(Records to process Opens)

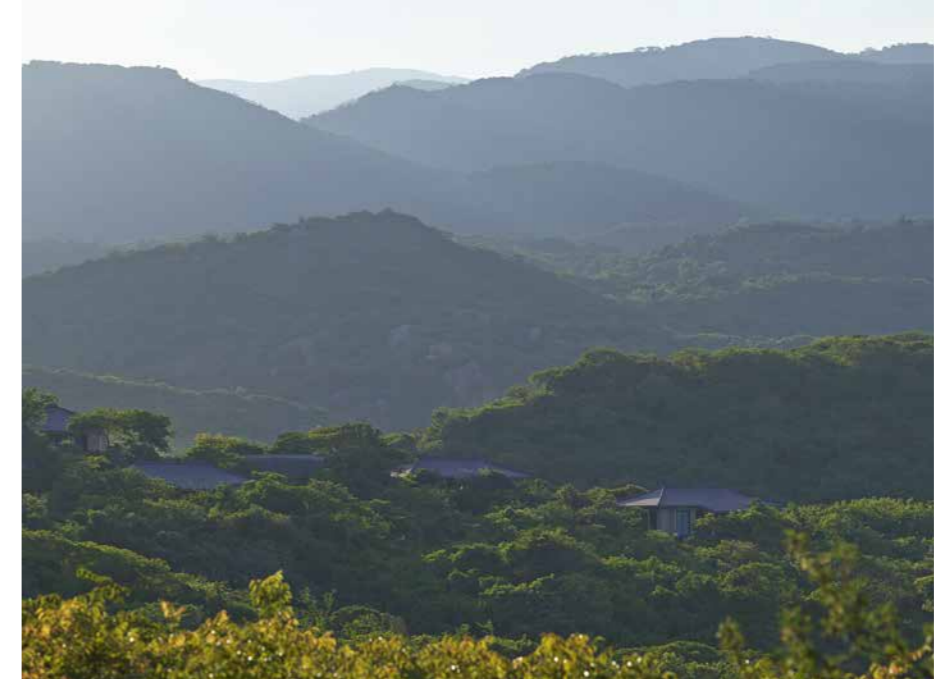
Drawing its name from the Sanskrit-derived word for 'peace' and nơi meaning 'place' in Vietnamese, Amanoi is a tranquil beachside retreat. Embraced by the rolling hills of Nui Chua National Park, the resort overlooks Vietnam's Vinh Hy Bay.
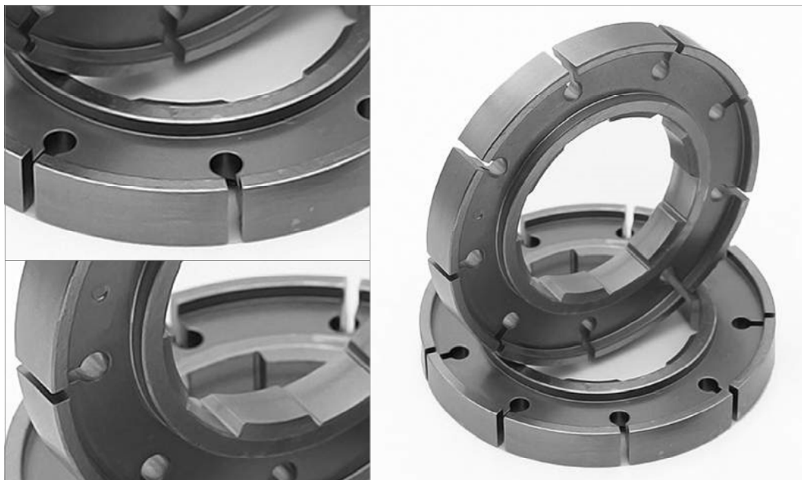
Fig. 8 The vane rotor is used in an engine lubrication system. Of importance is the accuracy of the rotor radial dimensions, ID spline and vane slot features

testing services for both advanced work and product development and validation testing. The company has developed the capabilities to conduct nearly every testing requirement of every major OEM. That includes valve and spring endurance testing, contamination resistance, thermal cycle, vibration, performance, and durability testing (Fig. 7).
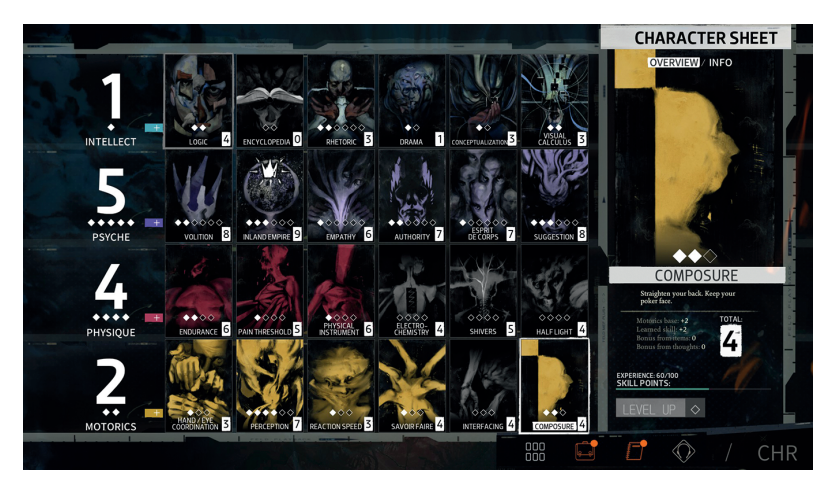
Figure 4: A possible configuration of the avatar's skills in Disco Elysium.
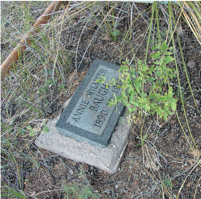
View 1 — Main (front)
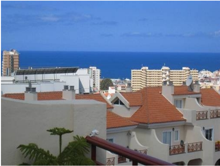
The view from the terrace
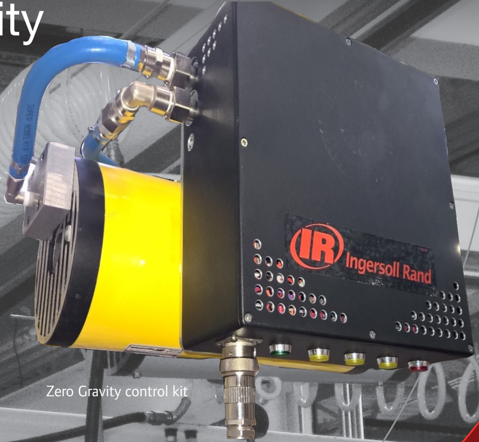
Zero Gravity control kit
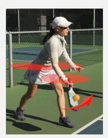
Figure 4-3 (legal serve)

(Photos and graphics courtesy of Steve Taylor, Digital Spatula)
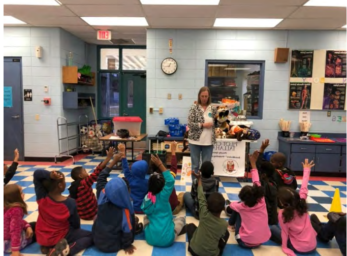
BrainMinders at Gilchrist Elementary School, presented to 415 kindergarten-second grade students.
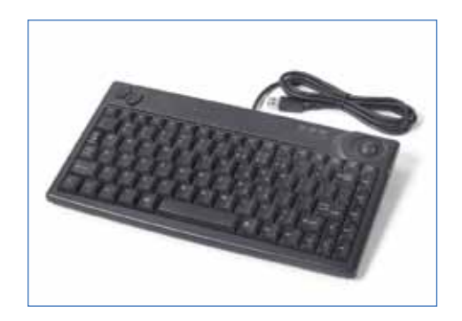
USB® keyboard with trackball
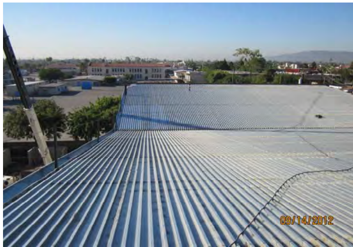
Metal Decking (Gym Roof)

(Records to process Closes)

▸ **What you should do**
Pictures do not go in the copy. Write out exactly the lines from the line containing "The view from the terrace" through the last line of the listing.

▸ **Written answer**
The view from the terrace
Zero Gravity control kit
Figure 4-3 (legal serve)

(Photos and graphics courtesy of Steve Taylor, Digital Spatula)
BrainMinders at Gilchrist Elementary School, presented to 415 kindergarten-second grade students.
USB® keyboard with trackball
Metal Decking (Gym Roof)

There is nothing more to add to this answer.